Regardless of how quick I am, I still lose him in the darkness. He's bigger and faster, and I'm left standing, heaving and alone as I turn in a circle, hoping to see or feel something that might draw me back to him.

Go back to the others, Serena, you're not safe here... you're not safe with me.

Tears well in my eyes, blurring the world around me as I continue to search for him, but I swallow them down, unwilling to let them fall, to let him get away again.

"Lyle, please.
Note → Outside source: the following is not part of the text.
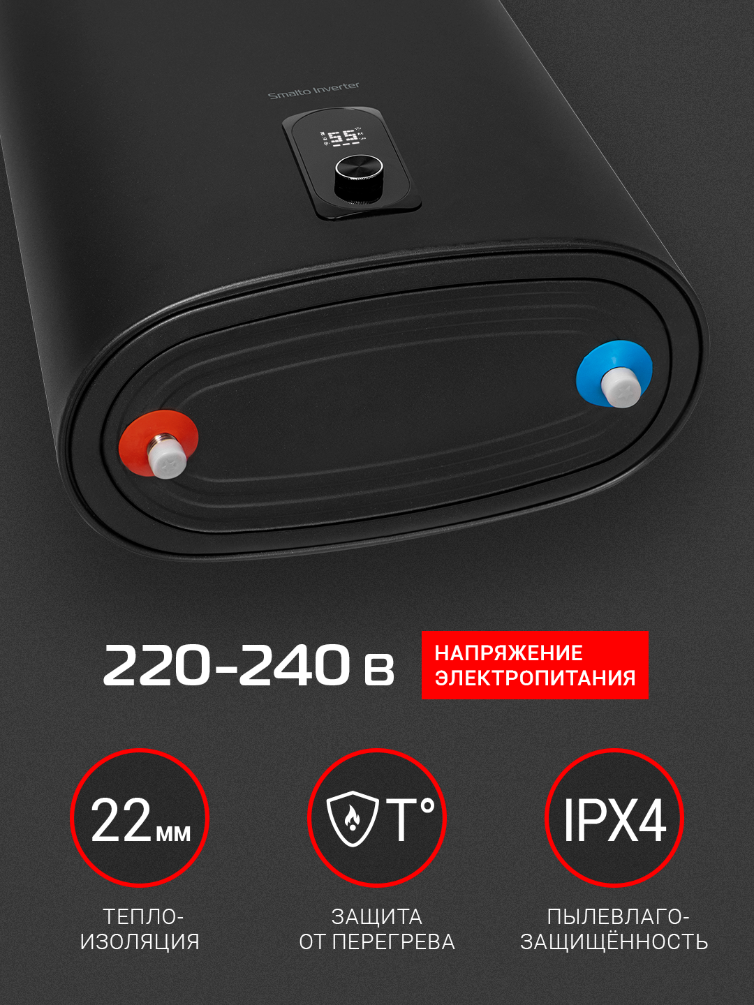 Элегантный графитовый цвет корпуса придает водонагревателю современный и стильный вид, который гармонично впишется в любой интерьер ванной комнаты или кухни. Удобное управление позволяет легко настраивать температуру воды и контролировать работу устройства.

Let me help you." My voice shakes, cracking on the last word, making me sound sad and pathetic, but I can't bring myself to care.

You can't help me, Serena; all you're doing is putting yourself in danger.

“I don’t care!” I'm shaking my head even before he's done talking… thinking? I don't know what it is, but I know he's wrong, and I tell him as much.

You need to leave, forget about me, and go be with the guys. Don't come back. I can't promise I'll be as aware next time, and I couldn't live with myself if something happened to you...

It feels like he has more to say, but he remains silent, and after a second, I know I'm alone.

“I’ll never stop, Lyle. I won’t give up on you, just like you never gave up on me.”

He's gone, the pull to him disappearing, leaving me sad and confused.

Why bring me all the way out here just to break my heart all over again? There had to be a reason.

"Serena!"

I spin around, excitement filling me for a moment before I realize that it isn't Lyle calling me this time, and it's not in my head but from behind me.